Entries taken from a collection |
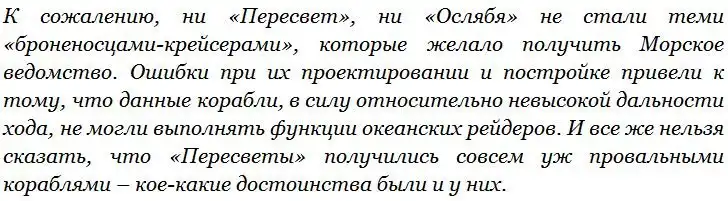 Безусловно, попытка русского флота реализовать концепцию крейсерской войны путем придания линейным силам рейдерских способностей чрезвычайно интересна. Однако такая попытка могла иметь шансы на успех лишь в том случае, если бы Российская империя создала броненосцы 1-го класса, способные к подобным операциям. Иными словами, для успешной реализации концепции «броненосцев-крейсеров» требовалось создать не «Пересветы», а корабли, во всем подобные «пятнадцатитысячным» британским эскадренным броненосцам, но при этом еще и способные длительное время пиратствовать в океане. Но такие корабли априори должны были бы стать крупнее и дороже их английских «визави», на что стесненная в средствах Российская империя пойти никак не могла…
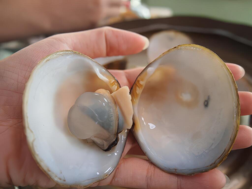 圖說:蛤肉中間黑色處是母蛤的生殖線,富含豐富的營養素
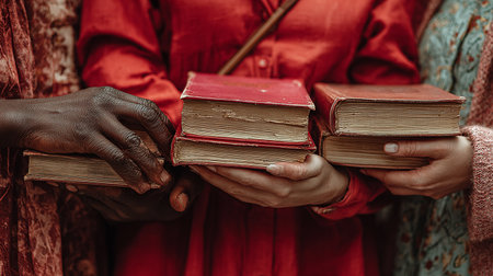Hands of african american women in red dresses holding books
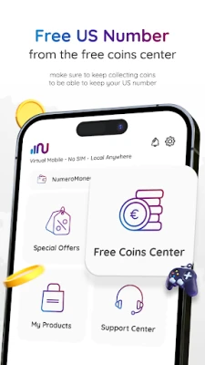 To get a free USA number to use as a second line, collect coins from the Free Coins Center – make sure to keep collecting coins to be able to keep your US number.
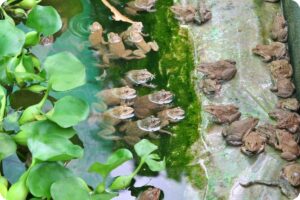 - จากนั้นก็นำลูกพันธุ์กบมาเลี้ยงตามปกติ โดย 1 บ่อนั้นจะใส่ลูกกบลงไป 1,000 ตัว
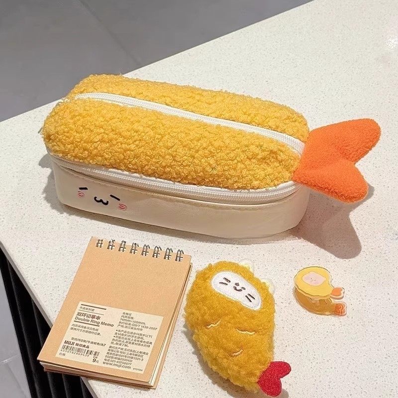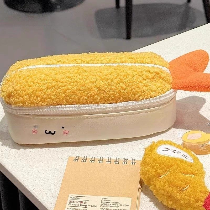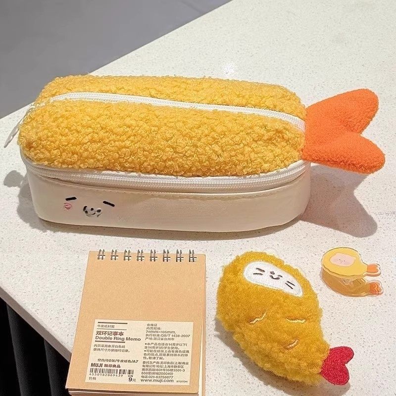 新款油炸虾尾2026新款笔袋高颜值ins风冷门笔袋文具盒女孩款大容量铅笔盒小众不撞款毛绒笔袋中小学生文具袋
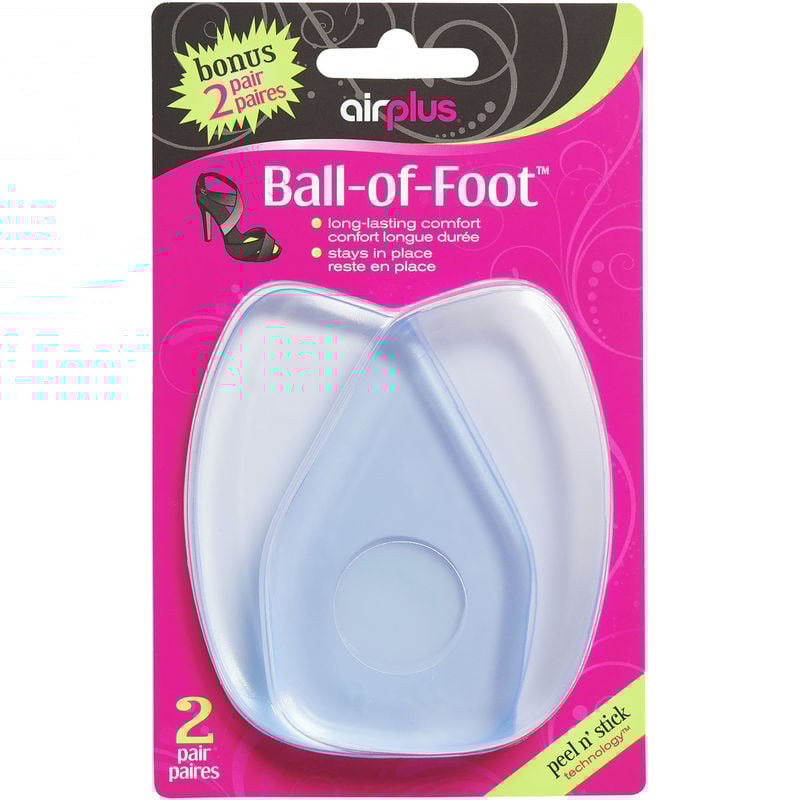 Experience lasting comfort with Airplus Gel Ball Of Foot Cushion. These clear and invisible cushions are designed to provide additional cushioning in the forefoot while also improving overall shoe fit. The adhesive backing keeps the cushion in place for secure comfort with every step you take. Perfect for open toe shoes and heels, these cushions also prevent your foot from uncomfortably sliding forward.

Task to complete |
Starting with the line that has "Hands of african" and ending with the line that has "新款油炸虾尾2026新款笔袋", repeat the lines above exactly, omitting every picture.

Task answer |
Hands of african american women in red dresses holding books
 To get a free USA number to use as a second line, collect coins from the Free Coins Center – make sure to keep collecting coins to be able to keep your US number.
 - จากนั้นก็นำลูกพันธุ์กบมาเลี้ยงตามปกติ โดย 1 บ่อนั้นจะใส่ลูกกบลงไป 1,000 ตัว
 新款油炸虾尾2026新款笔袋高颜值ins风冷门笔袋文具盒女孩款大容量铅笔盒小众不撞款毛绒笔袋中小学生文具袋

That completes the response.